**** Recorded data ****

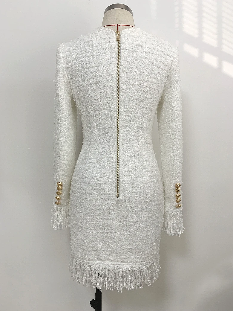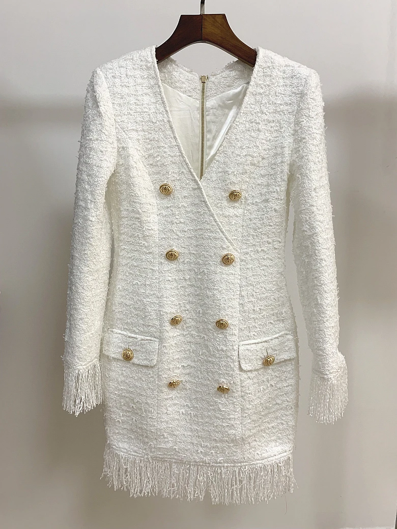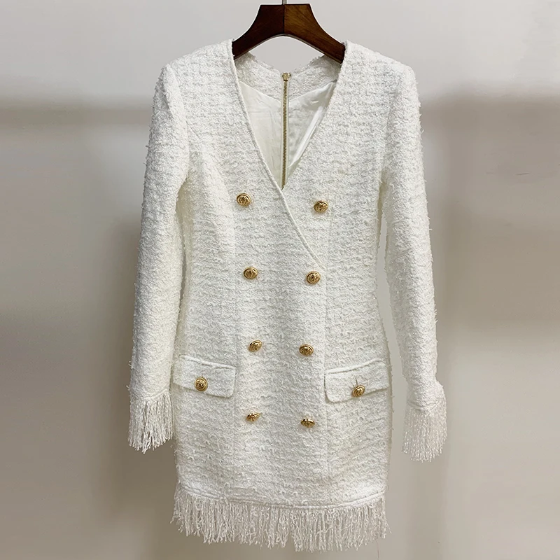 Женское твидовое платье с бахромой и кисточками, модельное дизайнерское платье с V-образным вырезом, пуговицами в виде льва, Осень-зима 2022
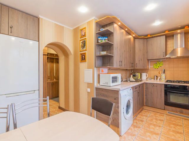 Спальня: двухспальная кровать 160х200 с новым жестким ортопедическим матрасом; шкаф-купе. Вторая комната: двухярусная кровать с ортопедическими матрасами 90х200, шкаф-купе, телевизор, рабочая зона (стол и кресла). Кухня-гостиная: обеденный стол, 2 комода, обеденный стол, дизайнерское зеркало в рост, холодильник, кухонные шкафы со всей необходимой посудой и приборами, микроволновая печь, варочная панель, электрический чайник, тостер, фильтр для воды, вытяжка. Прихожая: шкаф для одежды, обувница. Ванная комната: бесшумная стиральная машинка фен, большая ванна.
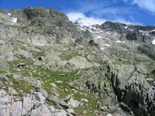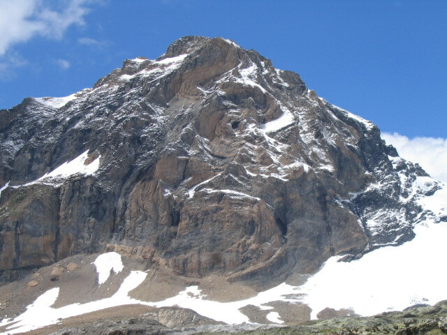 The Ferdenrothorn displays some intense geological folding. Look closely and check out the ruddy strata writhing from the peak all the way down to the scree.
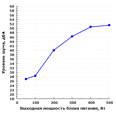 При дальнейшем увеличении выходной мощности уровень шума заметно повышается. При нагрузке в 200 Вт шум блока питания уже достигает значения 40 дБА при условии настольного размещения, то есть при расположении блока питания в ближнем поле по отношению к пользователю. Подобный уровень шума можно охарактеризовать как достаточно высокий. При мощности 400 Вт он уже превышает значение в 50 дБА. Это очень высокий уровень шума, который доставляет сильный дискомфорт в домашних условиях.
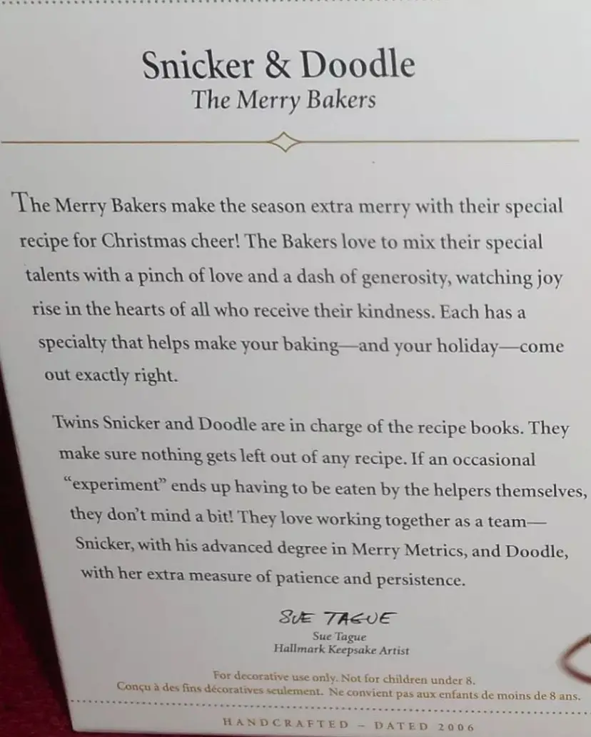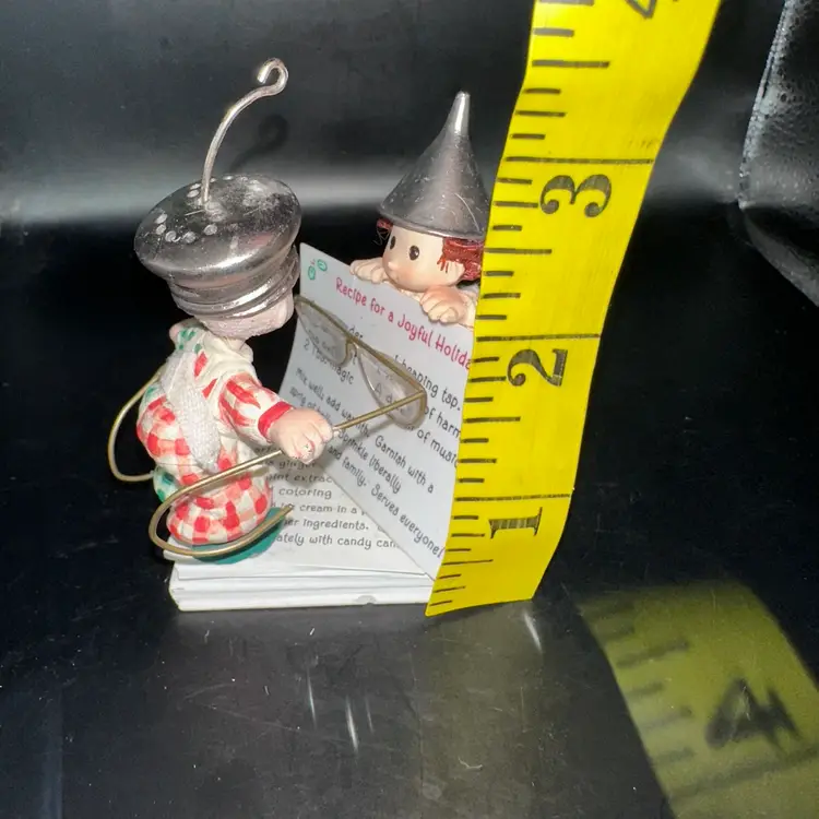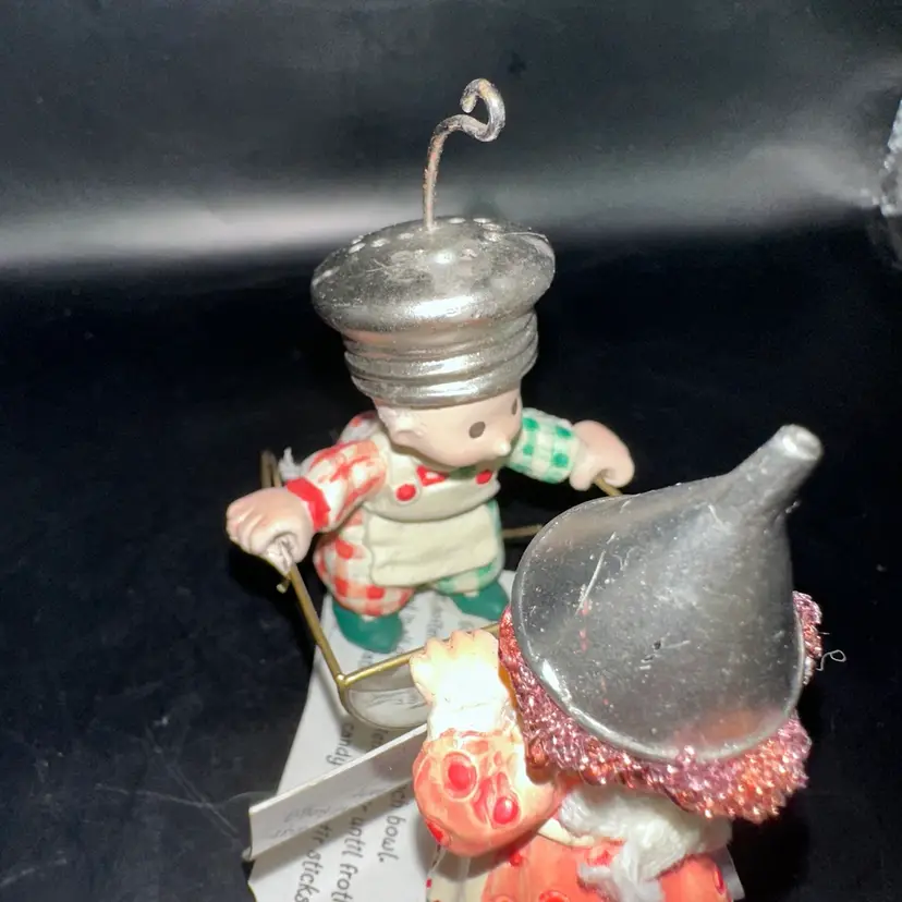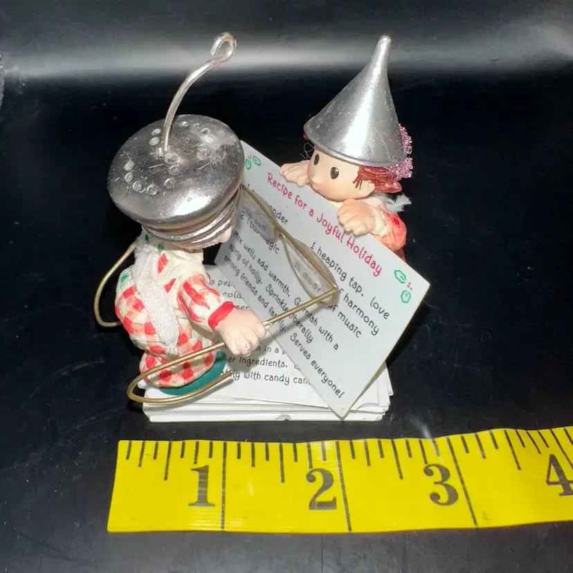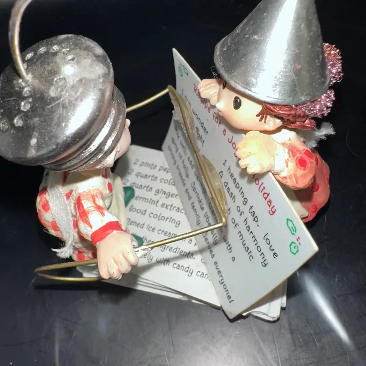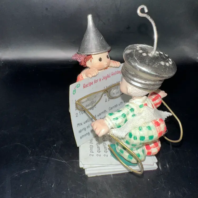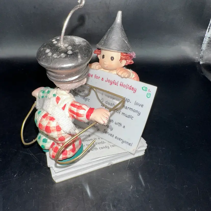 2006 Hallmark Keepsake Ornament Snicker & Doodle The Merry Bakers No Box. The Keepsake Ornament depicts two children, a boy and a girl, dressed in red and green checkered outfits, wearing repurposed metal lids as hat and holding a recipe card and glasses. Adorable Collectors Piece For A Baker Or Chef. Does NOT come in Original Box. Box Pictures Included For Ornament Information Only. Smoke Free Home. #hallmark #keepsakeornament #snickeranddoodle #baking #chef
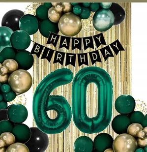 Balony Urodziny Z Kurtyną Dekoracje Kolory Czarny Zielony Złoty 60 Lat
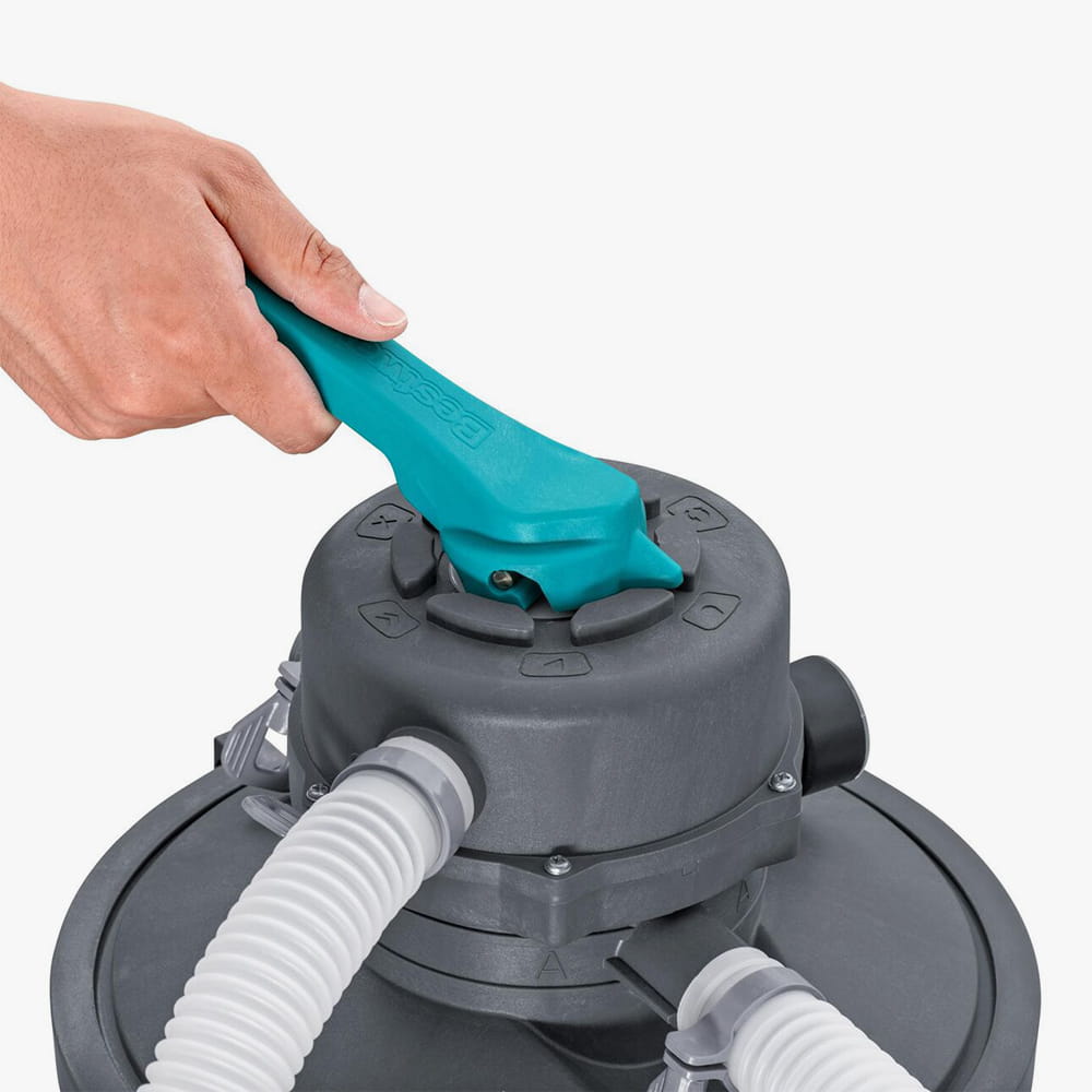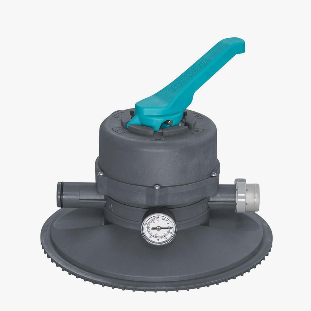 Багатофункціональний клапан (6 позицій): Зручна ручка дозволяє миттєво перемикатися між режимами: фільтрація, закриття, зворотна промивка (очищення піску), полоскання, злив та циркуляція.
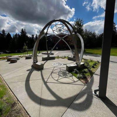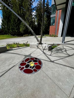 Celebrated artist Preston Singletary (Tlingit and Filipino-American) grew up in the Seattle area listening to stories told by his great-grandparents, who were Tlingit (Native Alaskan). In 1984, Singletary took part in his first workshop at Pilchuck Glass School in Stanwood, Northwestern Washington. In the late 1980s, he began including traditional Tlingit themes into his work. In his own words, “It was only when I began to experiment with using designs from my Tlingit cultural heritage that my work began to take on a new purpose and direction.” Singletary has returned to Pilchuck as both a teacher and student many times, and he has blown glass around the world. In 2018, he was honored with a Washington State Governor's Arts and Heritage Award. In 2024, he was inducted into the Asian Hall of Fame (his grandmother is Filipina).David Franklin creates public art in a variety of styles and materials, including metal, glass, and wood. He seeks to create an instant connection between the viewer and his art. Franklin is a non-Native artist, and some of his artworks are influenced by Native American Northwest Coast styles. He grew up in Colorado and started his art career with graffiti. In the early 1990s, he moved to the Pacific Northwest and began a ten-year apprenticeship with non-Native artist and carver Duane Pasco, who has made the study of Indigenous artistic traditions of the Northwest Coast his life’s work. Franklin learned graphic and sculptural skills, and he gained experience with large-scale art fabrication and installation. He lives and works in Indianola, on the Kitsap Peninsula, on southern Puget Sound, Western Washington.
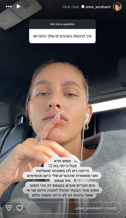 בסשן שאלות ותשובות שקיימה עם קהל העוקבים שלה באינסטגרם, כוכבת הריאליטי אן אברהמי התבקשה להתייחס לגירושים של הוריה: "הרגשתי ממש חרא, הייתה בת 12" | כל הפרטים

****

Task :: Only the lines above from the one with "The Ferdenrothorn displays" to the one with "При дальнейшем увеличении" should be printed, both included and exactly as written; no picture belongs in the copy.

Written solution ::
 The Ferdenrothorn displays some intense geological folding. Look closely and check out the ruddy strata writhing from the peak all the way down to the scree.
 При дальнейшем увеличении выходной мощности уровень шума заметно повышается. При нагрузке в 200 Вт шум блока питания уже достигает значения 40 дБА при условии настольного размещения, то есть при расположении блока питания в ближнем поле по отношению к пользователю. Подобный уровень шума можно охарактеризовать как достаточно высокий. При мощности 400 Вт он уже превышает значение в 50 дБА. Это очень высокий уровень шума, который доставляет сильный дискомфорт в домашних условиях.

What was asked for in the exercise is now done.